The p flag prints lines where substitution occurred, typically used with -n to suppress default output:

# Only show lines that changed
sed -n 's/error/ERROR/p' logfile.txt

Address Ranges and Line Selection

sed’s addressing system lets you target specific lines or patterns, making transformations surgical rather than blanket operations.

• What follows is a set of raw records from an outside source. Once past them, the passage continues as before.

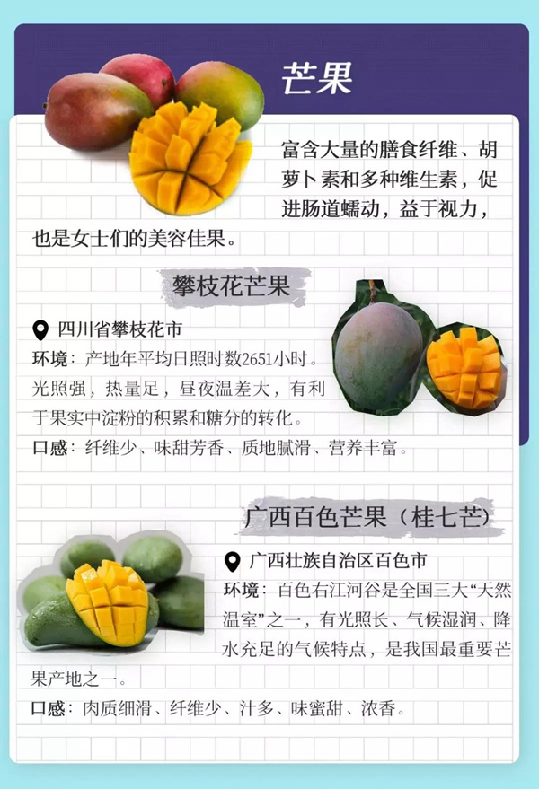 集热带水果精华于一身,被誉为“热带水果之王”的芒果,作为夏季的时令水果之一,它富含大量的膳食纤维,可促进肠道蠕动。夏季食用芒果还可生津止渴、健胃利尿,可谓是消暑佳果。
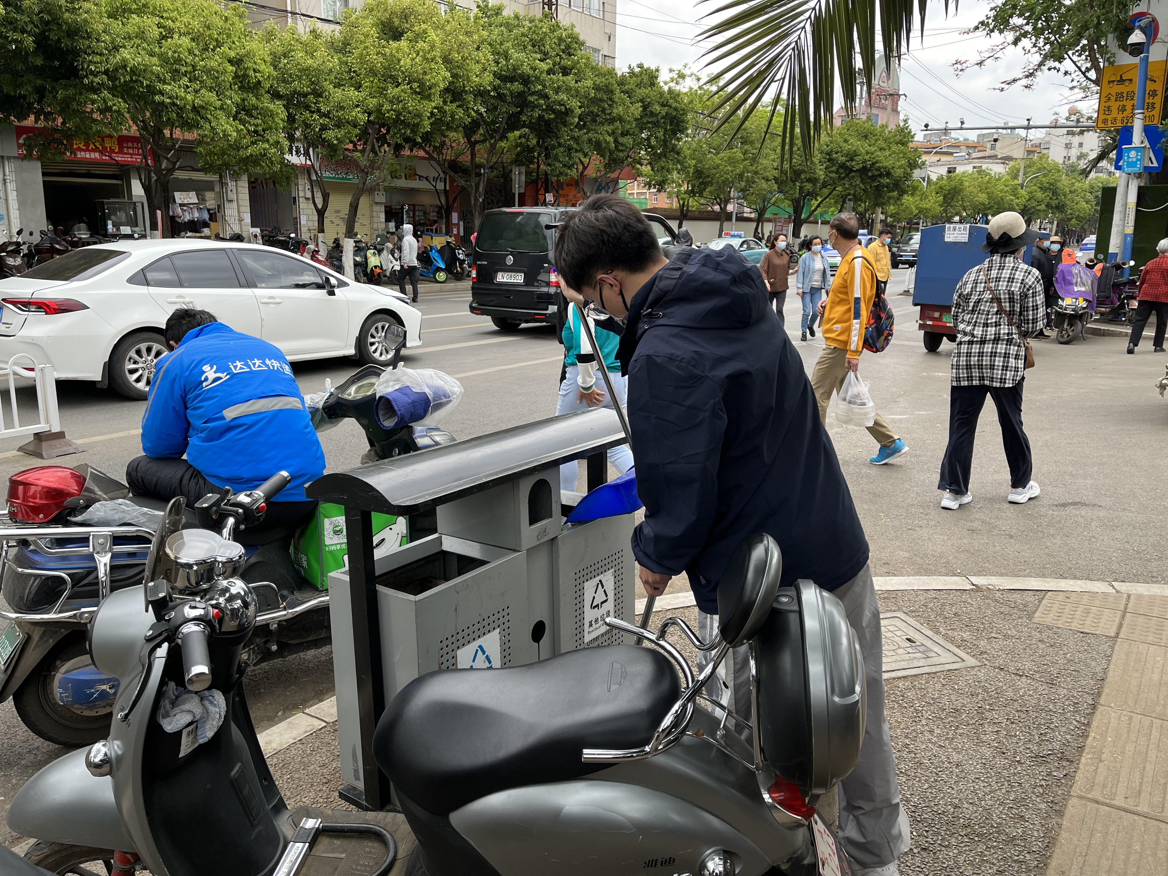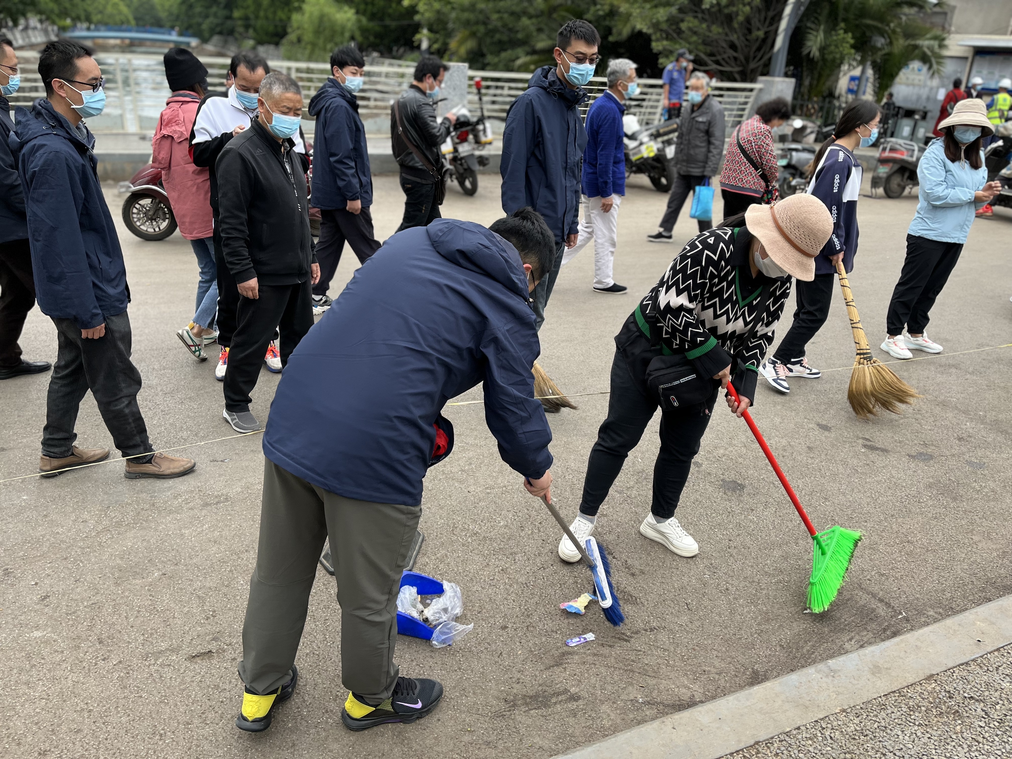 撿拾煙頭、廢紙片、食品包裝等垃圾
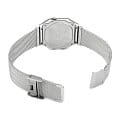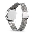 Серебристая цветовая гамма подойдёт к любой одежде, предоставляя простор для экспериментов. Цифровой дисплей оснащён функцией подсветки, облегчающей считывание информации в темноте. Среди дополнительных возможностей числятся будильник, календарь, секундомер. Ударопрочный корпус сделан из полимерного пластика. Стильный браслет миланского плетения. Минеральное стекло отличается устойчивостью к появлению царапин. Габариты: 38,6 x 36,3 x 9,6 мм.
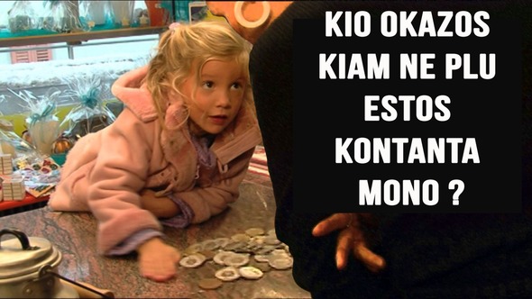 Kio okazos kiam ne plu estos kontanta mono ? Montru al mi vian manon ! Vi povas diri al Panjo, ke ŝi nepre metigu al vi elektronikan blaton. Ĝis revido ! Kion vi volas ? Ĉu mi povas havi iom da lakto ? Nuntempe, oni ne plu povas fari tion… tute malbone. Bovineto, ĉu vi donos al mi iom da lakto ? Ne estu tia, la estonteco de niaj infanoj. Haltigu la elektronikan blaton !

Line number addressing operates on specific lines:

# Replace only on line 3
sed '3s/foo/bar/' file.txt

# Delete line 5
sed '5d' file.txt

Range operations use comma notation:

# Replace in lines 5-10
sed '5,10s/foo/bar/' file.txt

# Delete lines 1-3
sed '1,3d' file.txt

# From line 5 to end of file
sed '5,$s/foo/bar/' file.txt

Pattern-based addressing selects lines matching a regex:

# Replace only on lines containing "error"
sed '/error/s/WARNING/CRITICAL/' logfile.txt

# Delete all comment lines
sed '/^#/d' config.conf

# Range from first "START" to first "END"
sed '/START/,/END/d' file.txt

Negation with ! inverts the selection:

# Replace on all lines EXCEPT those containing "skip"
sed '/skip/!s/foo/bar/' file.txt

# Delete everything except lines 10-20
sed '10,20!d' file.txt

Advanced sed Commands

Beyond substitution, sed offers commands for deletion, insertion, and complex transformations.

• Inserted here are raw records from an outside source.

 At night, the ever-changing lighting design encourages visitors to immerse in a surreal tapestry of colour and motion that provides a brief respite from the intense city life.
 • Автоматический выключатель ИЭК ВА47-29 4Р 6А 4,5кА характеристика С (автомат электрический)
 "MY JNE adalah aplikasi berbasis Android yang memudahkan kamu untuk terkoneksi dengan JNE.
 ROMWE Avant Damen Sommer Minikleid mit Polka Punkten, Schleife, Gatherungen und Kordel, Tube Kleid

Delete with d removes matching lines entirely:

# Remove blank lines
sed '/^$/d' file.txt

# Remove lines containing "debug"
sed '/debug/d' logfile.txt

Insert (i) and append (a) add text before or after lines:

# Insert header before line 1
sed '1i\# Configuration File' config.txt

# Append footer after last line
sed '$a\# End of File' config.txt

# Add text after lines matching pattern
sed '/\[section\]/a\new_option=value' config.ini

Multiple commands can be chained with -e or separated by semicolons:

# Apply multiple transformations
sed -e 's/foo/bar/g' -e 's/baz/qux/g' file.txt

# Or using semicolons
sed 's/foo/bar/g; s/baz/qux/g' file.txt

Hold space is sed’s secondary buffer for complex operations like swapping lines:

# Swap every two lines
sed -n '1~2{h;n;p;g;p}' file.txt

# Reverse file (simple version - not efficient for large files)
sed '1!G;h;$!d' file.txt

Regular Expressions in sed

sed supports extended regular expressions with -E (GNU/BSD) or -r (GNU only), enabling sophisticated pattern matching.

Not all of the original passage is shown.